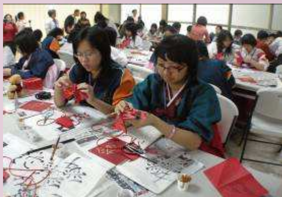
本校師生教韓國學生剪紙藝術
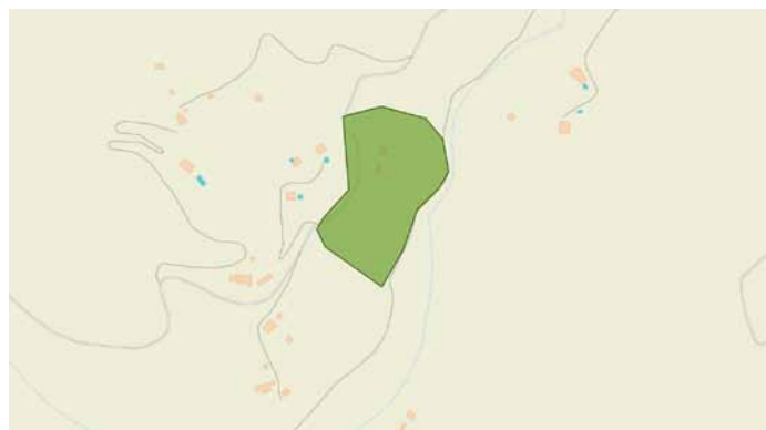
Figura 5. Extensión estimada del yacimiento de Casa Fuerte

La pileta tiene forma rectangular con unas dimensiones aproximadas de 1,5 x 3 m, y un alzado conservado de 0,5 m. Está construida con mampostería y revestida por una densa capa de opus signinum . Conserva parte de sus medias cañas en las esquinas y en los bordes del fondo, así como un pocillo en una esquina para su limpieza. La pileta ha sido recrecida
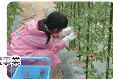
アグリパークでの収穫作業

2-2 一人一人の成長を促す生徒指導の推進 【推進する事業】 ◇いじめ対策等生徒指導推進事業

◆ ◆ ◆

### ABOUT THIS TASK
Please transcribe each entry exactly and exclude any image it contains.

### EXPECTED OUTPUT
本校師生教韓國學生剪紙藝術
Figura 5. Extensión estimada del yacimiento de Casa Fuerte

La pileta tiene forma rectangular con unas dimensiones aproximadas de 1,5 x 3 m, y un alzado conservado de 0,5 m. Está construida con mampostería y revestida por una densa capa de opus signinum . Conserva parte de sus medias cañas en las esquinas y en los bordes del fondo, así como un pocillo en una esquina para su limpieza. La pileta ha sido recrecida
アグリパークでの収穫作業

2-2 一人一人の成長を促す生徒指導の推進 【推進する事業】 ◇いじめ対策等生徒指導推進事業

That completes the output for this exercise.